Task statement:
These records contain pictures, which must be left out; copy exactly the lines from the one with "Vanavond hebben we" up to and including the one with "(Все фото мои)".

[Opening Data section section]

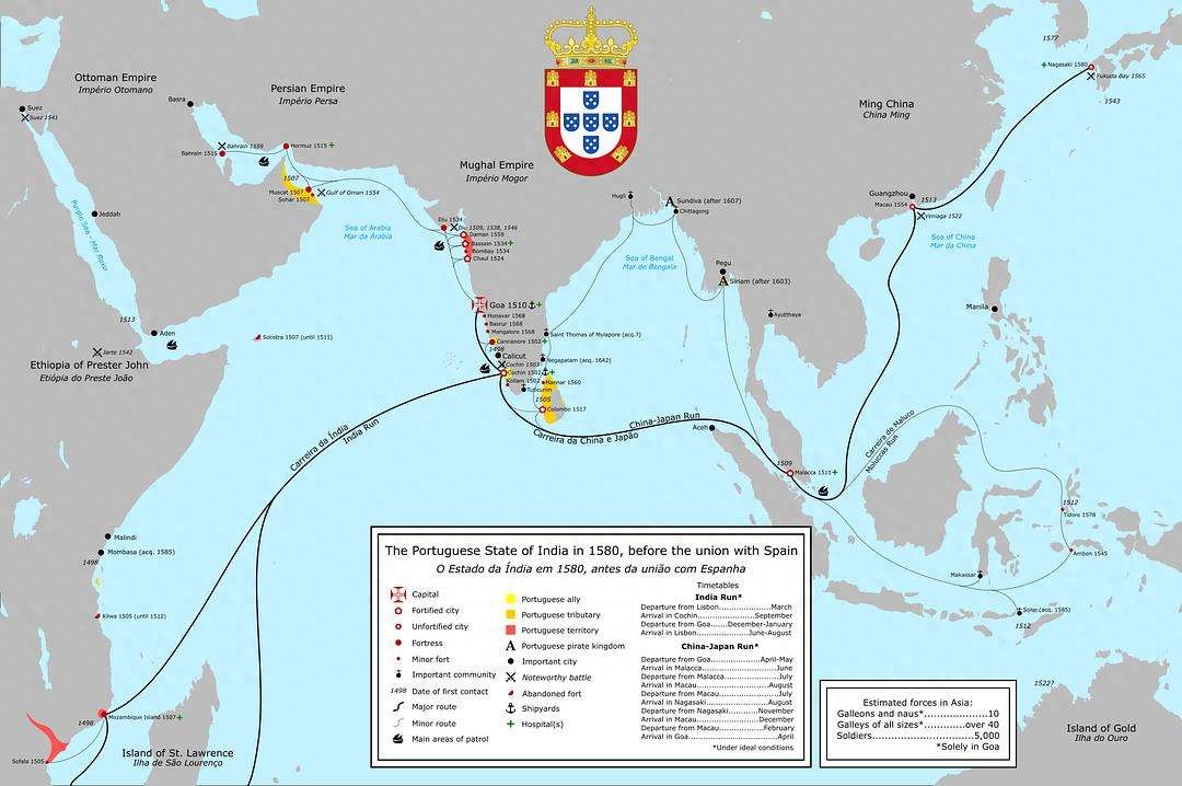 1494年6月7日葡萄牙与西班牙签订《托尔德西里亚斯条约》像切西瓜一样把地球一分为二:西经46°37'以东新发现的土地默认为归葡萄牙,而位于此线以西的土地则默认为归西班牙。1500年葡萄牙卡布拉尔舰队又发现了巴西。此时葡萄牙海军已先后击败阿拉伯、印度、奥斯曼土耳其、威尼斯的海上力量开始逐渐垄断印度洋商路。海外殖民掠夺使疆域狭小、人口有限的葡萄牙积攒了大量财富并跻身强国之列。彼时的欧洲人形容当时的葡萄牙国王曼努埃尔一世“他的宫殿是欧洲最华丽的,他的宴会是欧洲最奢侈的,他的大使是欧洲最阔气的.......”
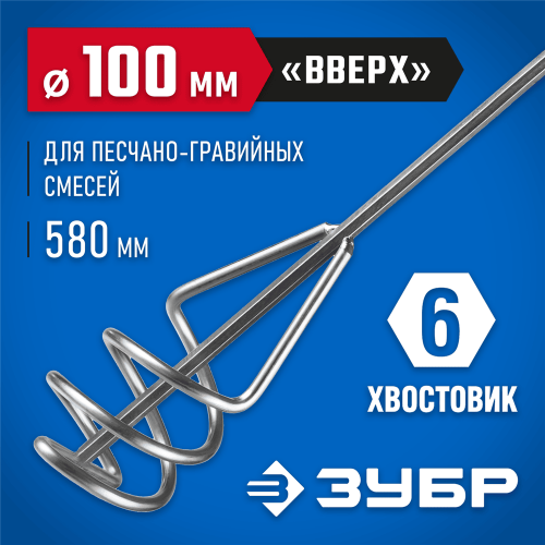 Насадка для строительного миксера ЗУБР 06033-10-60_z02, предназначена для равномерного распределения смешиваемых материалов. Спиралевидная структура рабочей части обеспечивает эффективное перемешивание с направлением потока смеси вверх. Используемая сталь с уникальным покрытием защитит насадку для миксера от внешних воздействий.
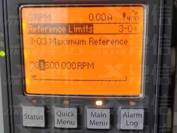 使用上下鍵選擇3-02,進(jìn)行最小頻率設(shè)置,此時(shí)的單位是RPM轉(zhuǎn)速
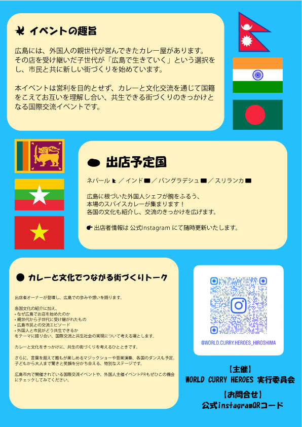主催 WORLD CURRY HEROSE 実行委員会 公式Instagram: https://www.instagram.com/world.curry.heroes_hiroshima?igsh=MTZ4bHM5cHU5M2N5ag%3D%3D&utm_source=qr
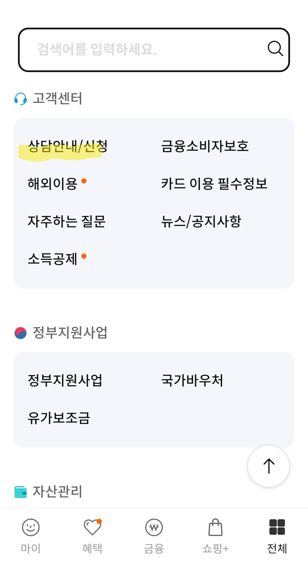 2. 로그인 > 하단 전체 클릭 > 드래그 > 고객센터 '상담안내/ 신청 클릭
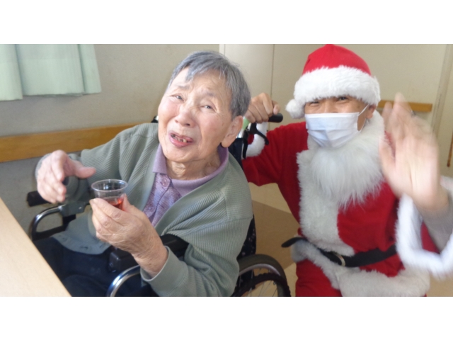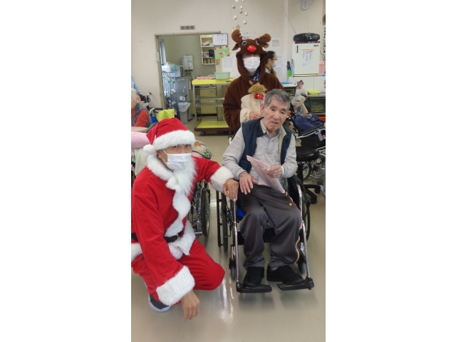 サンタさんとトナカイさんが食堂、デイフロアに登場し、利用者の皆様にプレゼントを手渡したり、記念撮影に応じてくれました。
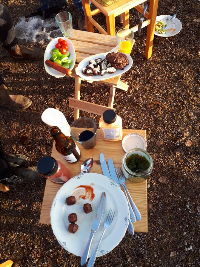 Vanavond hebben we voor het eerst echte zweden in huis gehad. Karin, onze Zweedse juf en haar man Jurgen zijn met dochter Marte komen eten. Het was lange tijd buiten erg lekker, dus konden we ook buiten eten. Als de zon weg is dan is het ook gelijk koud en onder nul.
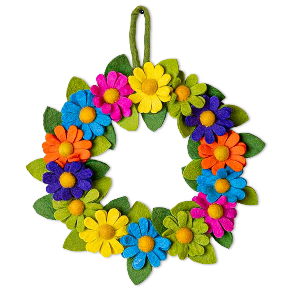 Ghirlanda in feltro in formato XL, realizzata a mano e decorata con margherite. Perfetta come fuoriporta, centrotavola o dettaglio stagionale per la casa. Morbida e curata nei dettagli: ideale anche come idea regalo.
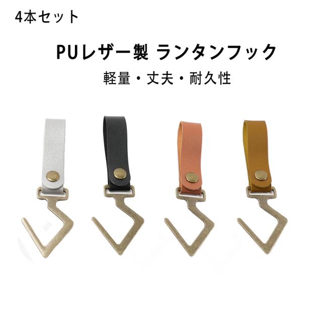 PUレザー製 ランタンフック 4本セット 金属 フック キャンプ アウトドア ハンガー 吊り下げ S字フック ライト 調理器具 キッチン 野外 収納 整理 テントポールフック ランタンハンガー 多機能 ランタンスタンド 組み立て簡単 ハンギングラック
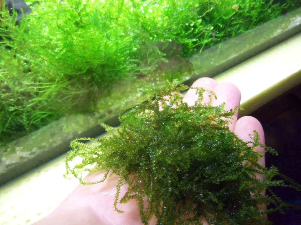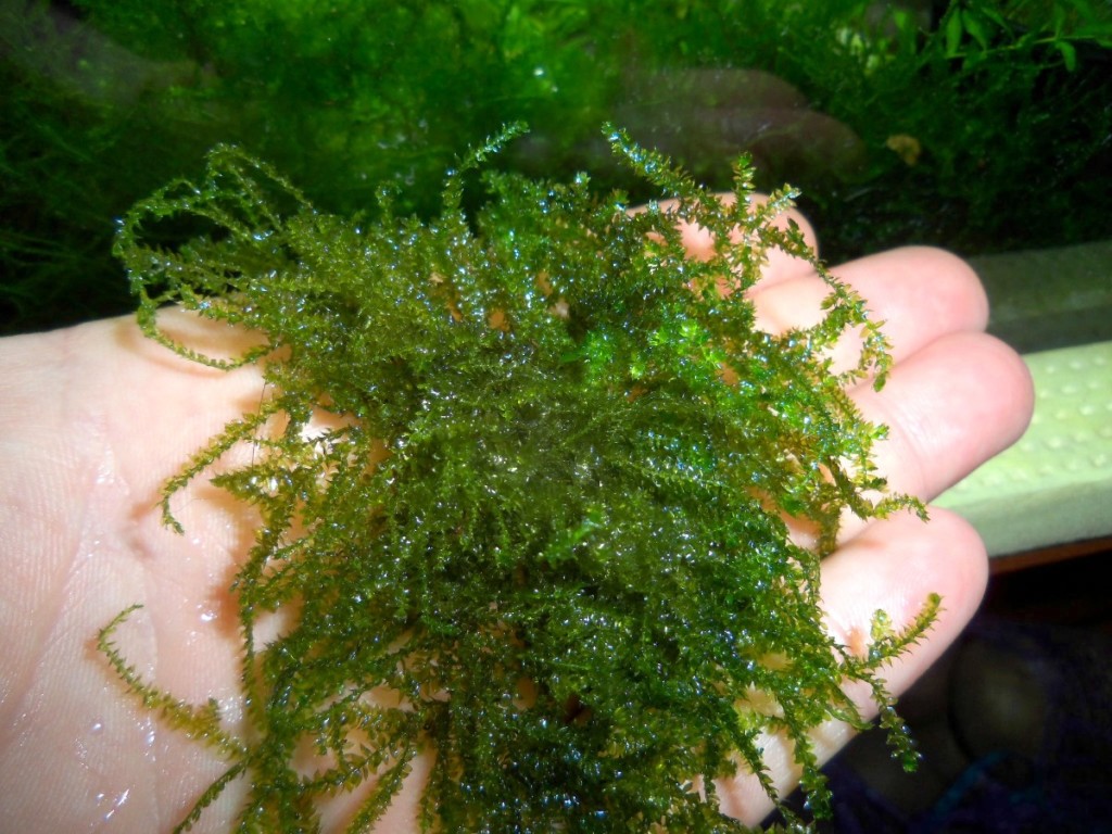 (Все фото мои) Порция в ладони. Этот же мох, на заднем плане в аквариуме.
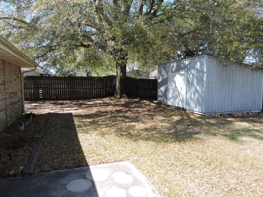 South OF I-10! Close to everything!! All brick, 3/2/2, 1892 sf. on a flat lot! Tiled front porch, foyer, family room, hallway & laundry. Hardwood in formal dining & office, pergo flooring in kitchen & breakfast area, and carpet in bedrooms only. Popular split floor plan with formal dining, formal living/office/den as you enter house, large family room, kitchen, breakfast room and inside laundry. Master bedroom has two walk-in closets; large master bath w/two vanities, large linen closet. Large breakfast bar in kitchen, smooth-top stove, refrigerator w/ice maker, dishwasher. Privacy-fenced back yard, outside workshop, additional pad poured for boat, motor home. Schedule your private showing today!
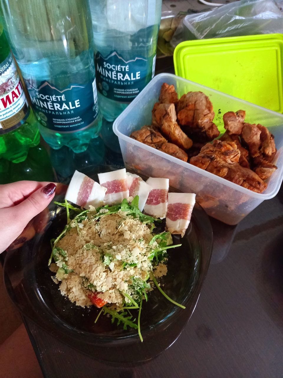 Были на дачке, жарили шашлык и вот только приехали домой.
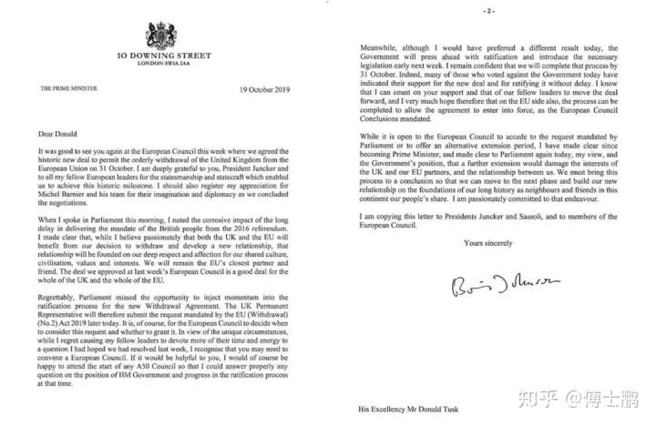 這封延期脱歐信的格式和文字都被英國議員規定得死死的,且最晚要在10月19日23點之前,向歐盟寄出。
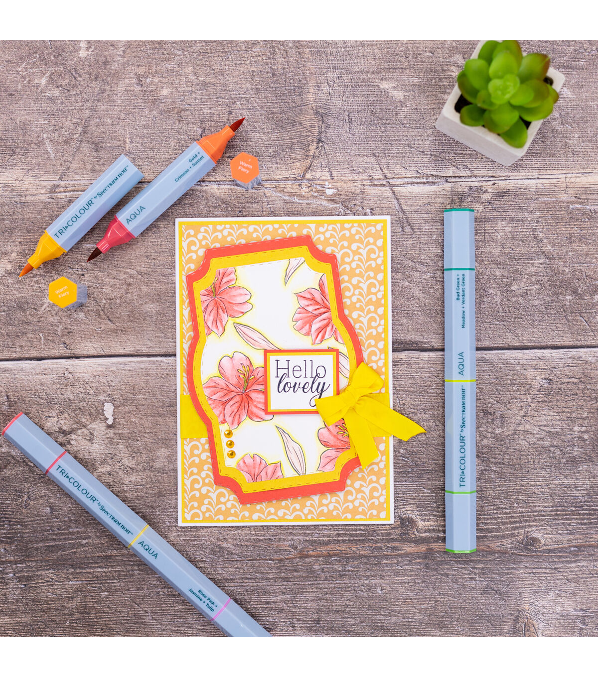 Dip a toe into the world of watercolour and enjoy portable painterly effects with these brush-tipped TriColour Aqua Markers. An easy and accessible way to begin your watercolour journey, each 3-in-1 pen holds a trio of water-soluble colours to mix and blend effortlessly to create beautiful artwork. The TriColour Markers are a brand-new concept, every pen contains a mini palette of expertly curated colour-schemes that complement one another perfectly! These versatile palettes can be enjoyed individually or mixed and combined with other colours in the set for endless variety. The watercolour effects of these pens offer a great way to try out new techniques, from creating blended and diffused stamped images to subtle blended background washes. And whether you’re an experienced colourist or a beginner we’re sure you’ll enjoy the space-saving convenience of having three colours in one pen. Switching from one colour to the next becomes effortless and now you can carry just one pen instead of three. Perfect for colouring on the move!

[Closing Data section section]

Final answer:
 Vanavond hebben we voor het eerst echte zweden in huis gehad. Karin, onze Zweedse juf en haar man Jurgen zijn met dochter Marte komen eten. Het was lange tijd buiten erg lekker, dus konden we ook buiten eten. Als de zon weg is dan is het ook gelijk koud en onder nul.
 Ghirlanda in feltro in formato XL, realizzata a mano e decorata con margherite. Perfetta come fuoriporta, centrotavola o dettaglio stagionale per la casa. Morbida e curata nei dettagli: ideale anche come idea regalo.
 PUレザー製 ランタンフック 4本セット 金属 フック キャンプ アウトドア ハンガー 吊り下げ S字フック ライト 調理器具 キッチン 野外 収納 整理 テントポールフック ランタンハンガー 多機能 ランタンスタンド 組み立て簡単 ハンギングラック
 (Все фото мои) Порция в ладони. Этот же мох, на заднем плане в аквариуме.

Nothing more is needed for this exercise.